Trade momentum slowed in Congress

President Reagan may have defused a political bombshell when he promised tougher action against unfair trade practices. But trade issues continue to generate plenty of fireworks on Capitol Hill. Despite Mr. Reagan's speech Monday, senators continued laying plans to protect United States shoemakers and the textile industry from the onslaught of less expensive imports.

But none of the protectionist legislation is likely to become law. Reagan's speech-in-time has toned down his critics, bought him more time, and probably assured him enough support to sustain his veto of protectionist bills.

The White House initiative also shows just how slippery trade is as a political issue.

Many Democrats see the estimated $150 billion trade deficit as a major weakness for Reagan. ``I don't think he's neutralized it much,'' said Rep. Richard A. Gephardt (D) of Missouri in an interview. ``Everybody's going to welcome action, but he seems to be doing it reluctantly.''

A cosponsor of one of the major trade bills in Congress, Representative Gephardt says of the Reagan administration, ``I doubt if they'd be doing any- thing if we hadn't'' pushed the issue.

Now that the President has moved, however tentatively, Democrats have a less clear-cut case. They are obligated to welcome him into the boat, at least long enough to see if he will row with them.

``The major new thing is the change in attitude,'' says Sen. Lloyd Bentsen (D) of Texas, applauding the President, but adding he awaits further proof of change.

``I'm ready to work with him,'' says Senator Bentsen, who is a cosponsor of the Gephardt trade bill.

Republicans have been almost as skeptical as Democrats on White House trade policy. ``We're still working on a trade package,'' Senate majority leader Robert Dole (R) of Kansas told reporters yesterday.

Sen. John C. Danforth (R) of Missouri has held that ``results, and results alone, will be able to restore the credibility of our trade policies.''

Meanwhile, members of Congress are discovering the complex trade problem does not yield to easy answers.

``The trick is to do something for business without doing something for the industries that are inefficient,'' Rep. Les Aspin (D) of Wisconsin told reporters this week. He cited shoes as one industry to which he would say, ``I'm sorry. Byebye.''

At a hearing on textiles, Sen. John H. Chafee (R) of Rhode Island expressed concerns about aftereffects of bills to reduce imports. A worker in Rhode Island produces steel fasteners at a low price ``because he gets the steel from Korea,'' Mr. Chafee pointed out.

The pressure for reducing imports has pushed the textile bill into the fore as the first test for trade legislation. Some 300,000 US textile workers have lost their jobs since 1980 because of competition from imports made by low-paid foreign workers, especially in the Far East.

But importers told the Senate international trade subcommittee that American textile companies have caused their own demise. ``Many plants were shot down because they were obsolete,'' said Arthur Ortenberg, vice-president of Liz Claiborne Inc.

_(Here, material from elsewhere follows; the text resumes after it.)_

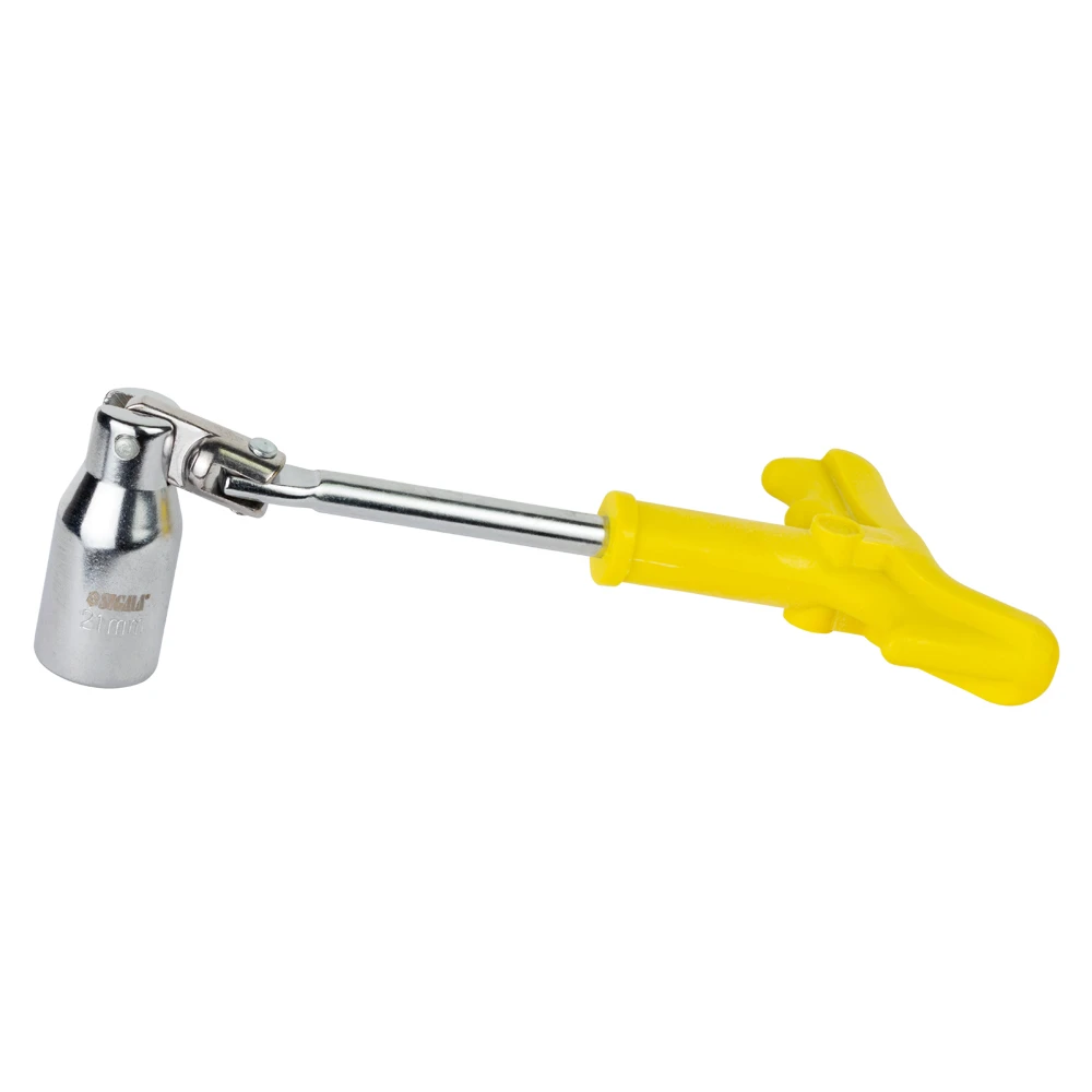 Ключ свічковий з шарніром посилений 21мм SIGMA (6030341) це спеціалізований інструмент, який призначений для монтажу і демонтажу свічок запалювання двигунів внутрішнього згоряння. Даний інструмент використовується як автолюбителями у власних гаражах, так і професійними майстрами по ремонту автомобілів на СТО і шиномонтажі. Усередині головки розташоване гумове кільце, що дозволяє зафіксувати та витягнути свічку без проблем. Гумове кільце також служить в якості амортизатора, пом'якшуючи різкі рухи майстра, запобігаючи злам свічки. Т-подібна посилена пластикова рукоять запобігає прослизанню та дає можливість міцно утримувати ключ в руці. Ключі виготовлені з міцної сталі, що володіє високими експлуатаційними характеристиками. Ключ складається з довгого металевого стрижня, з одного боку якого розташована рукоять, а з іншого - головка з шарніром. Рухоме шарнірне з'єднання робить інструмент більш маневреним, а роботу в обмеженому просторі - більш зручною. Крім того, за рахунок шарніра можна підібрати оптимальний кут, щоб без пошкоджень зняти або встановити свічку. Головка ключа має шестигранний профіль, який ефективно передає зусилля на профіль свічки.

Martin Tandler, president of Tandler Textiles Inc., charged that mills in the United States have been geared to produce quantity instead of quality.

Democrats are fashioning trade into a campaign theme that permits them to stand up for America, just as Republicans have done in defense debates.

As the issue of trade gathers momentum, some in the party are urging Democratic leaders to be cautious.

``I think they're taking an awful risk on the issue,'' says Greg Schneiders, a Democratic consultant, who says party leaders might be misreading the public.

``Americans want fairness in trade policy,'' he says. ``If that means retaliation against countries with unfair practices, then they support that.''

But overall, ``they seem to understand that a lot of our trade problems are our own making,'' he says, pointing out that Americans drive foreign cars and use imported products and see them as superior.

``I think the President has the potential to actually make some gains on this issue if he holds his ground,'' says Mr. Schneiders. He suggests that Democrats join Reagan and ``use a rifle-shot approach,'' as opposed to generalized protectionist measures to deal with the trade restrictions of America's trading partners.

Democrats make a mistake as they try to make trade into an issue like social security, which has long helped the party, says the consultant.

``It's interesting that a Democratic consultant'' has such doubts, said Mr. Gephardt. He points out that a top conservative commentator, Kevin Phillips, has called trade woes a possible Achilles' heel for the GOP.